Figura 1.5 Comportamento delle microbolle a seconda dell’indice meccanico.
Le microbolle, oltre a riflettere in modo eccellente gli ultrasuoni devono avere caratteristiche tali da permanere per un certo periodo di tempo all’interno del sistema vascolare.
A tale proposito possiamo dire che i fattori condizionanti la persistenza in circolo di un MDC sono:
• Dimensioni delle particelle: permettono il passaggio nella circolazione capillare polmonare e, contemporaneamente, impediscono l’attraversamento del MDC dall’endotelio vasale. Per questo i mezzi di contrasto ecografici vengono definiti come sostanze blood-pool, con completa assenza di fase interstiziale12.
• Caratteristiche della membrana di rivestimento, quali la ricercata scarsa solubilità in acqua, consolidata dal galattosio, la presenza o meno del surfactante che impedisce la diffusione del gas all’ esterno5 e favorisce un abbassamento della tensione superficiale delle microbolle11 ed infine l’elasticità del guscio che permette un maggior modellamento del diametro delle sfere consentendone il comportamento definito “oscillatorio”.
• Caratteristiche del gas contenuto, quali la comprimibilità che permette il comportamento oscillatorio della microbolla, il coefficiente di diffusione e il coefficiente di solubilità (Ostwald) propri del gas e la sua pressione osmotica interna14.
14 T =R!ρ
DCs
in cui si afferma che la sopravvivenza di una microbolla nel sangue (T) è direttamente proporzionale alle sue dimensioni (R2) e alla densità del gas (ρ); inversamente proporzionale alla capacità del gas di diffondere all’esterno attraverso la membrana (D) e alla costante di saturazione del gas nello stesso sangue (Cs)10.

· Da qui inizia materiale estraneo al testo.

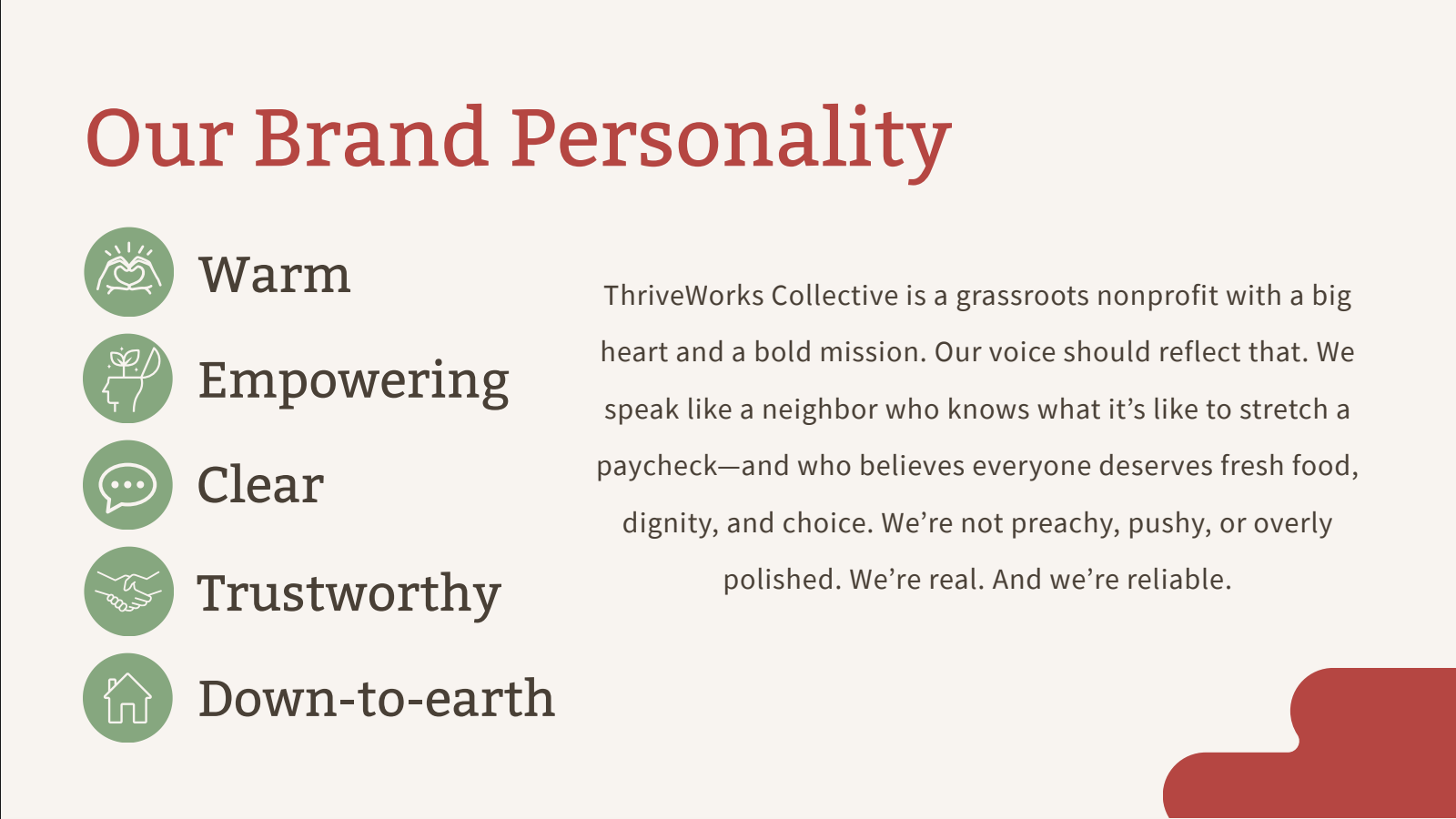 To help ThriveWorks Collective build a consistent and credible digital presence, I created a brand voice guide that defines the organization’s tone, language, and messaging across platforms.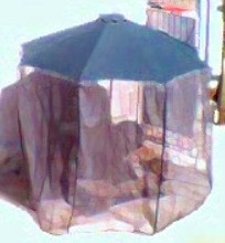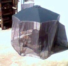 En la parte inferior de la malla hay orejas para fijarla al piso para que no se vuele.

1.3 Acquisizione del segnale in seguito ad infusione del mezzo di contrasto
Dopo infusione endovenosa, i mezzi di contrasto ecograficici aumentano l’ecogenicità del sangue di circa 20 dB.
Questo rinforzo è dose dipendente, infatti l’intensità del segnale è dato dal numero di microbolle moltiplicato per il coefficiente di ecogenicità di ogni singola particella12.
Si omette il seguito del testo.